Smith's departure provided for a period of expansion, both among the faculty and the student body. Former students of Nathan Smith's replaced him on the faculty, drawing medical professionals in the northeast such as Oliver Wendell Holmes Sr. to join them. The first hospital at the school was founded by DMS alumnus Dixi Crosby in 1838, who used it to integrate academic instruction with hands-on patient care. In 1870, Carlton Pennington Frost, DMS '57, replaced Crosby as Dean of the school. Under Frost, the curriculum sustained another revamping, this time into a four-year program that included clinical and academic training. Frost also presided over the establishment of Mary Hitchcock Memorial Hospital in 1893, built to replace Crosby's defunct hospital.

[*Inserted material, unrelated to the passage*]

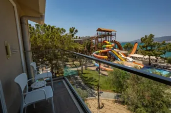 LiggingDit vakantiedorp, ideaal voor gezinnen, ligt in Didim, direct aan de zee, in een rustige omgeving. HotelfaciliteitenIn het vakantiedorp werd in 2021 gemoderniseerd. Er is keuze uit 332 kamers. Aan de receptie in de ontvangsthal staat meertalig personeel met raad en daad bij. Tot de faciliteiten van het vakantiecomplex behoren een bagagedepot en een kluis. In het verblijf is Wi-Fi voorhanden. Het complex beschikt over faciliteiten voor rolstoelgebruikers. Naast een supermarkt en een souvenirwinkel zijn andere winkels voorhanden. Op het terrein van het complex bevinden zich een mooie tuin en een fraaie speelplaats. Tot de overige voorzieningen van het vakantiecomplex behoren een tv-ruimte en een speelkamer. Wie met de auto komt, kan hem op het parkeerterrein van het verblijf parkeren. Onder de beschikbare voorzieningen bevinden zich een oppasservice, een kinderopvang, een medische dienst, roomservice, een wasservice, een kapper, een piccolo-service en een hotelarts. KamersAirconditioning en een verwarming zorgen voor een aangename luchtcirculatie in de kamers. Een balkon met zeezicht van opzij nodigt in de meeste gevallen tot heerlijk vertoeven uit. De kamers beschikken over een tweepersoonsbed en een slaapbank. Er zijn aparte slaapkamers aanwezig. Ook babybedjes en extra bedden kunnen worden klaargezet. Bovendien zijn een kluis, een minibar en een bureau beschikbaar. Faciliteiten als een mini-koelkast en een thee-/koffiezetapparaat veraangenamen het verblijf. Voor vakantiecomfort zorgen een telefoon, een televisie en Wi-Fi. In de badkamer, van een douche en een bad voorzien, vinden de gasten een föhn en een make-upspiegel. Als extra service genieten de gasten in de badkamers van cosmetische producten. Bovendien zijn rolstoelvriendelijke kamers met een barrièrevrije badkamer te boeken. Het complex beschikt over gezinskamers en niet-rokerskamers.Sport/entertainmentAangenaam zwemplezier garanderen heerlijk verwarmde openluchtzwembaden, ook gevuld met zoutwater (kosteloos). Voor de kleine waterratten is er een speciaal zwemcomplex voorhanden. Daarnaast brengen verkwikkende drankjes aan de zwembadbar/snackbar en een waterglijbaan alle waterratten in de allerbeste stemming. Ook een terras met ligstoelen en parasols is voorhanden. Sportieve afwisseling wordt geboden door de vele verschillende activiteiten die in het vakantiecomplex worden aangeboden zoals tennis, jeu de boules, beachvolleybal, volleybal, basketbal, midgetgolf en boogschieten. Met waterskiën, windsurfen, jetskiën, waterfietsen, bananenboot varen, kanovaren, duiken, aquarobics en aquafitness voelen zich ook watersportliefhebbers helemaal op hun gemak. De gasten in het verblijf beschikken over vele indoorsportmogelijkheden zoals bijvoorbeeld de fitnessstudio, tafeltennis, biljart, darts, gymnastiek en aerobics. Het complex beschikt over een wellnessgedeelte met een spa, een sauna en een hamam en ook - tegen een extra toeslag - een schoonheidssalon en massagebehandelingen. Externe organisatoren bieden een schoonheidssalon aan. In het complex zijn er voortreffelijke mogelijkheden om te ontspannen en van de vrije tijd te genieten, zoals bijvoorbeeld een animatieprogramma, een miniclub, een minidisco en livemuziek. Eten en drinkenEen eetzaal, een koffiehuis en een lobbybar behoren tot de culinaire faciliteiten. De gasten genieten van hun gerechten in een aangename ambiance in het restaurant (buffet en airconditioning). Verfrissende drankjes aan de strandbar staan garant voor feelgood momenten. Het vakantiecomplex biedt een overnachting incl. ontbijt en all-inclusive als boekingsmogelijkheid op het gebied van eten en drinken aan. Bij het ontbijt, de lunch en het diner genieten de gasten van een lekker en uitgebreid buffet. Glutenvrije maaltijden en vegetarische gerechten worden op aanvraag bereid. Daarnaast stelt het verblijf snacks beschikbaar. Een bijzondere attractie is live cooking. Het complex beschikt over een assortiment alcoholische en alcoholvrije dranken. CreditcardsDe volgende creditcards worden in het vakantiecomplex geaccepteerd: Visa en MasterCard.

In 1908, The Carnegie Foundation for the Advancement of Teaching conducted a survey of medical education institutions in the United States. At the time, the discipline emphasized "bedside teaching" and providing students experience with a broad variety of illnesses and patients. The school's rural location was deemed too remote for proper clinical training, and the school was advised to stop offering the Doctor of Medicine degree and only provide pre-clinical instruction. The class of 1914 was the last (until 1974) to receive the Doctor of Medicine degree; subsequent classes of students attended DMS for two years before transferring to other medical schools. The drop of clinical instruction worsened the school's problems by driving away talented faculty members.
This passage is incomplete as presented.